"I really think I'll be a good fit here," smarmed Goulet in a silky-smooth baritone. "I'm going to take this band in a new direction. Sequins! Sparkles! GOOOOOULET! I've been working with a special lady named Las Vegas for the last twenty years, and believe you me, she's taught me a thing or two about entertainment."
Goulet made it clear that there would be some changes in the band's standard repertoire. "Sure, this band can blast, but can it croon? BA-BA DEEEEEEEE, BA-BA DOOOOOOOO! Get ready, Michigan fans. This old dog has some new tricks for this bunch of fine young marching rapscallions."
"First of all, I'm going to revamp that Hawiian War Chant song. It's just too unromantic! How are you supposed to hum that little number into your lover's ear over a candlelight dinner? You can't, I tell you! When I'm done spicing up that tune and the band plays the new version, all the ladies in the stadium will swoon and all the men will drip with machismo. SHE-BOP SHE-BANG SHE-BOOP BOOP BOOGIE! GOOOOOOULET!"

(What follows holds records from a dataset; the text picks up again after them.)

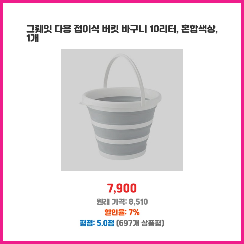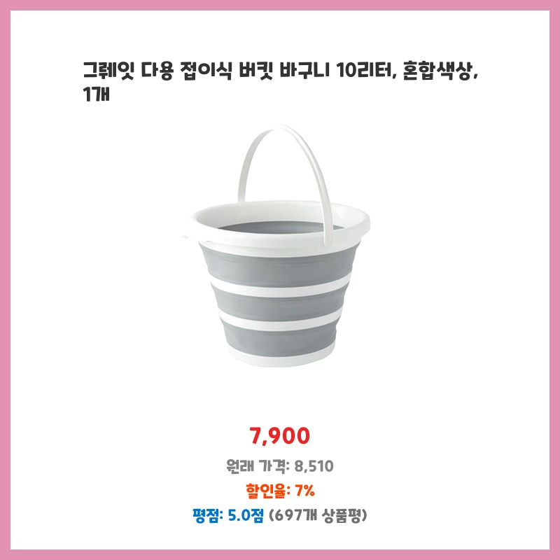 그뤠잇 버킷은 접이식 기능 덕분에 보관이 쉽고, 10리터 용량으로 여러 용도에 적합합니다. 튼튼한 소재로 만들어져 있어 수송이나 보관 중 물건이 쏟아지는 것을 방지해줍니다.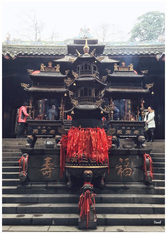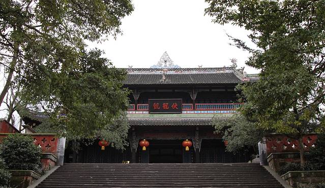 过了堰功道正对的就是伏龙观,而它就修健在离堆之上。传说李冰父子治水时曾制服岷江孽龙,将其锁于离堆下伏龙潭中,后人依此立祠祭祀;北宋初改名伏龙观。不过很遗憾,没有进去看一下伏龙观内收藏的众多古物。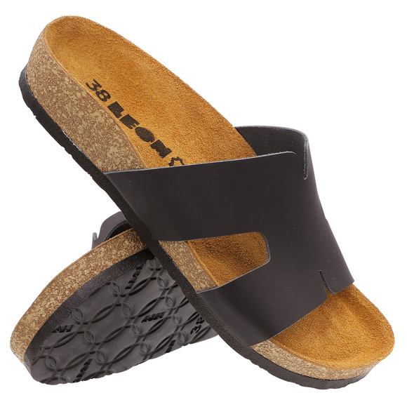 • LEON - klapki damskie casual, profilaktyczne o charakterze rekreacyjnym. Wierzch: skóra naturalna. Wkładka wewnętrzna: naturalna skóra. Spód: lekkie tworzywo PU.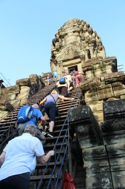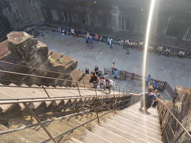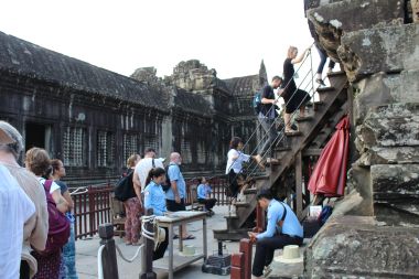 Rous wanted to get us into a queue to visit the highest section of the temple where she explained would be very busy as the day went on. As it is, we waited 15 minutes sitting in the heat that was already climbing. The third level, the “Bakan”, is the highest section of the temple accessed by some very steep steps where only gods and the king were allowed to visit. There are only a certain number of visitors allowed up at any one time so we waited for our turn. We were given a numbered ticket to hang about our neck for our visit as we climbed the steps upwards.
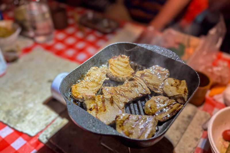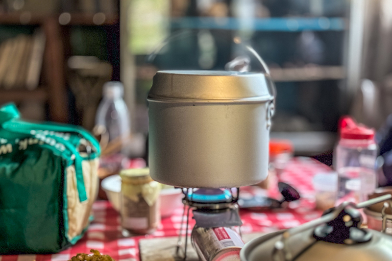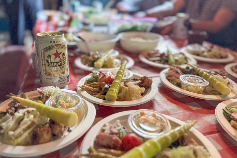 たくさんの食材とアルコールを担いだ足取りは重いが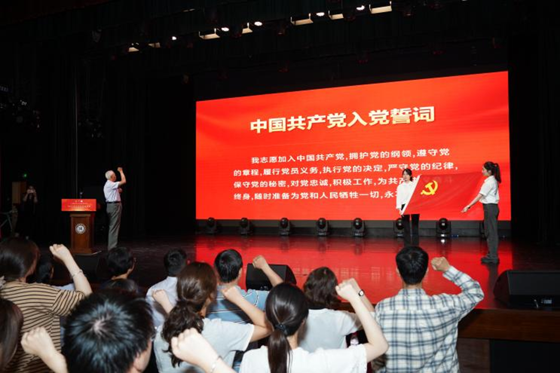 在教育學院特邀黨建組織員謝利民老師的帶領下,全體黨員起立,莊嚴重溫入黨誓詞。鏗鏘有力的誓言回蕩在音樂廳內,提醒著各位黨員同志始終牢記入黨時的錚錚誓言,做一名無愧于黨和人民的合格黨員。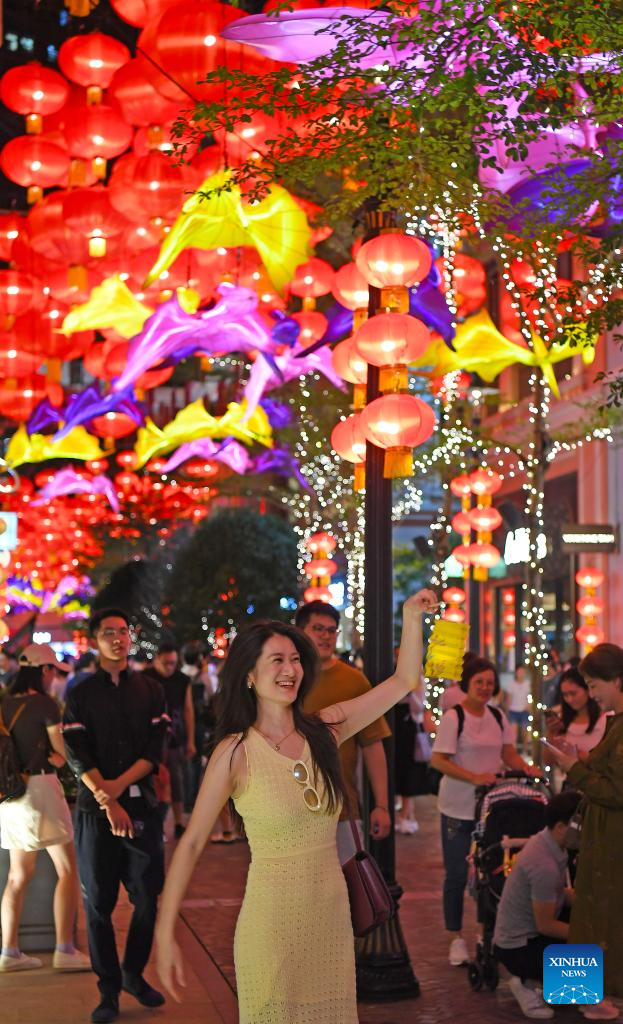 People pose for photos with red lanterns during the Mid-Autumn Festival in Hong Kong, south China, Sept. 17, 2024. (Xinhua/Chen Duo)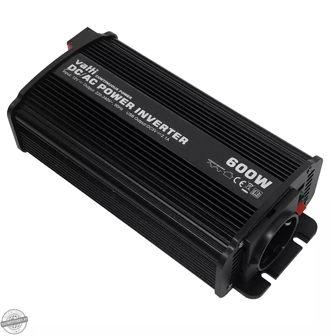 Tehokkaalla DC/AC 600W invertterillä voit muuttaa näppärästi akusta saatavan virran (DC) vaihtovirraksi (AC). Invertteri soveltuu 230V sähkölaitteille mm. mökki-, matkailuauto-, auto- ja kuorma-autokäyttöön.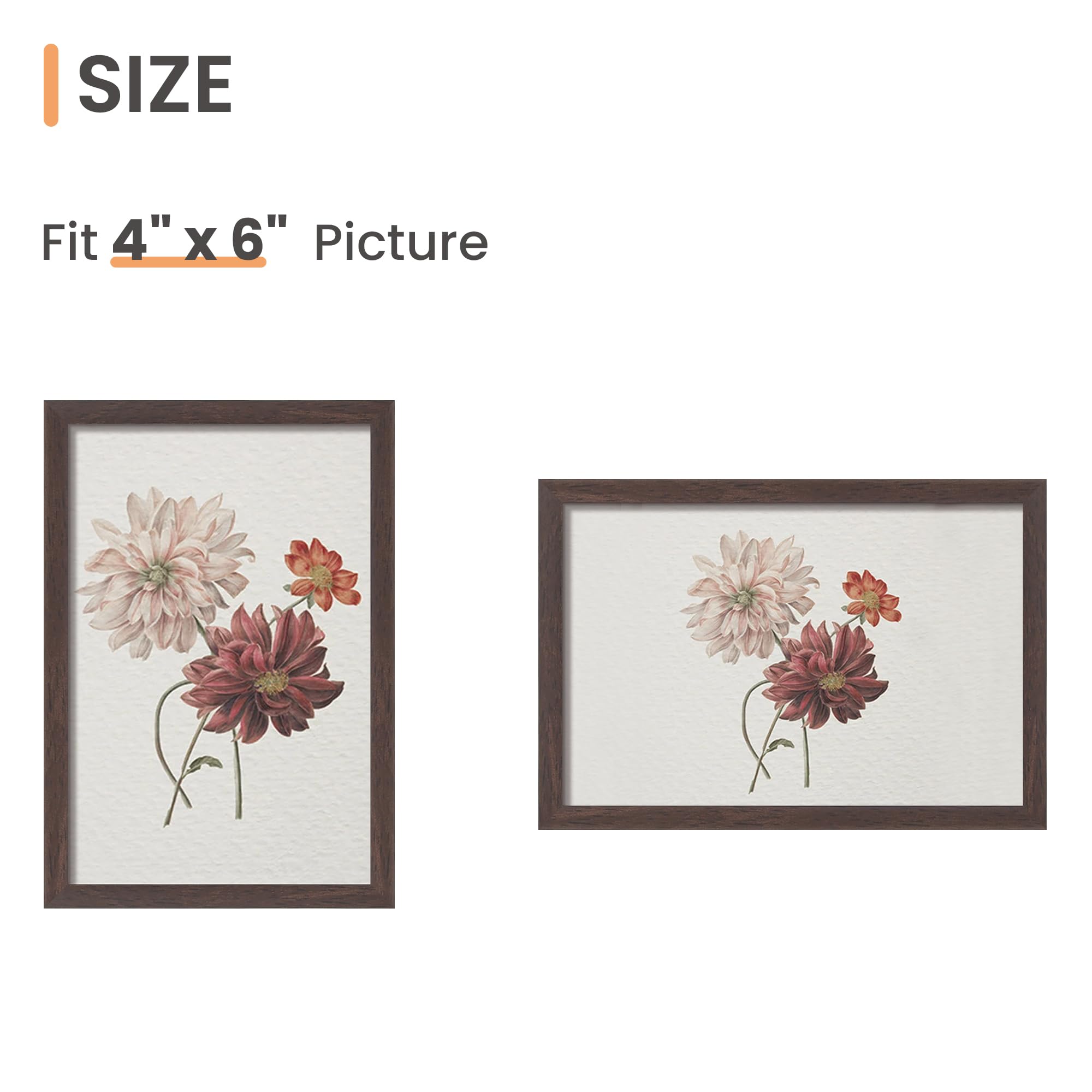 Size: One wall brown photo frame fits 4x6 photo without mat, can be hung horizontally or vertically.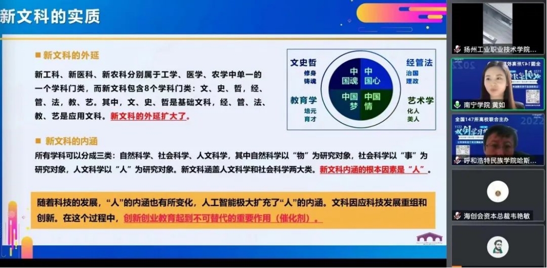 我院黄如博士受邀参与此次论坛,并围绕“新文科与双创教育展望”主题作《新文科-创新创业教育的探索与实践》经验分享,她以新文科的由来开篇,引出新文科创新人才培养在中国高等教育中日益受到重视,紧接着阐述新文科的实质,并强调创新创业教育在新文科的建设中起到不可替代的重要作用,最后深度分析新文科与创新创业教育的内在联系,并以qm球盟会为例,介绍了南院多年来在新文科创新创业教育方面的成功做法与经验。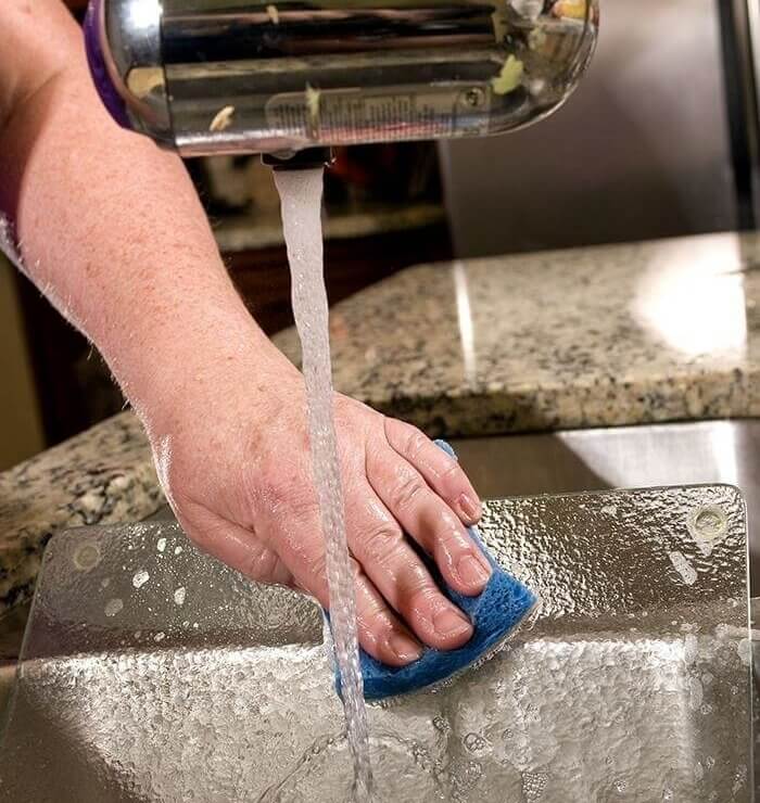 수세미로 문지르는 대신 물과 주방 세제를 넣고 깨끗해질 때까지 작동시킵니다. 다음으로는 물을 부어내고 헹구기만하면됩니다. 이렇게 하면 시간을 절약할 뿐 아니라, 수세미로 문지를때 놓칠 수 있는 음식물 찌꺼기까지 믹서에서 제거할 수 있습니다.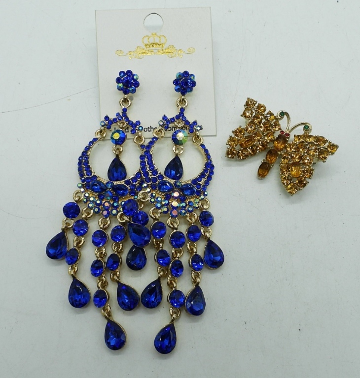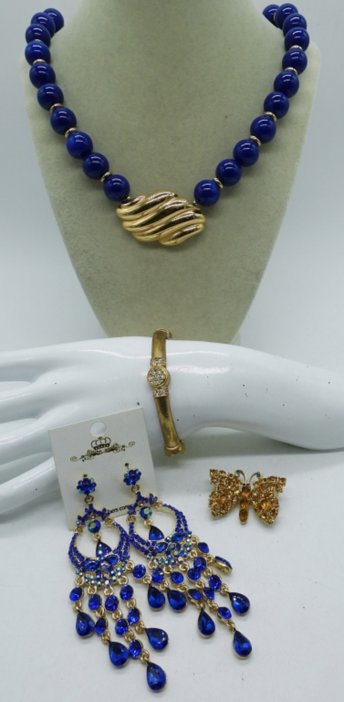 4 PIECE BLUE & GOLD TONE FASHION JEWELRY,22″ GOLD TONE NECKLACE WITH BLUE BEADS, 3″ GOLD TONE RHINESTONE BRACELET, A BUTTERFLY BROOCH AND A PAIR OF GOLD TONE BLUE EARRINGS
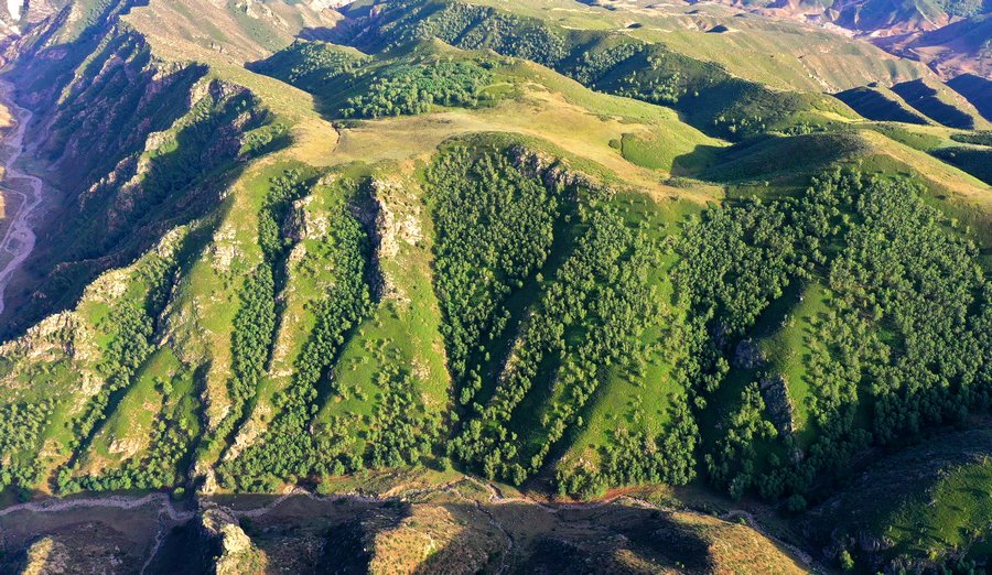 盛夏時(shí)節(jié),位于呼和浩特市回民區(qū)境內(nèi)的井爾梁,滿目蒼翠,從山頂往下望,山巒疊嶂,草甸如茵,溝壑縱橫,如詩如畫。 井爾梁最高海拔為2110米,井爾梁高山草原即位于井爾梁、摩天嶺地段,占地約17055畝,是呼和浩特大青山生態(tài)旅游帶重要節(jié)點(diǎn)之一。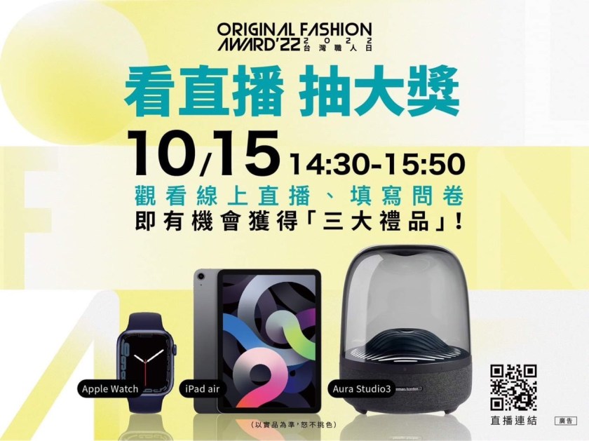 勞動部勞動力發展署桃竹苗分署衣啟飛翔創客基地 10月15日(六)將舉辦「2022台灣職人日—原創服裝大賞」活動,集結10個新銳服裝品牌動態走秀,以線上直播方式,將台灣優秀的創客及原創服裝介紹給市場大眾。為了號召民眾一同參與這場線上的時尚盛會,桃竹苗分署特別舉辦2波段抽獎活動,即日起至衣啟飛翔創客基地臉書粉絲專頁參加「首獎神預測」活動,就有機會獲得Airpods3;活動當天只要在直播過程中填寫線上問卷,還有機會獲得Apple Watch7、iPad air、Aura Studio3等時尚大獎,歡迎民眾一起上線支持台灣設計、觀看直播抽大獎!

Hawaiian War Chant was not the only Michigan tradition facing change. "'Temptation', you ask? Why yes, I'm going to stop the band from playing that one all together and replace it with a zippy little diddy called "How Much Is That Doggie In the Window?" It's much much more appealing to the senior citizen crowd. Believe me, Goulet knows. I played for the blue-hairs almost exclusively in Sin City. Just think of all the cute hand motions those cheerleaders could do. BOW-WOW ZAPOWIE DIBITY BOP-BOP-BOP! GOOOOOULET!"
Look for Goulet to lead the band this coming season. That is of course, unless the Regents change their minds and decide to go with Boerma after all.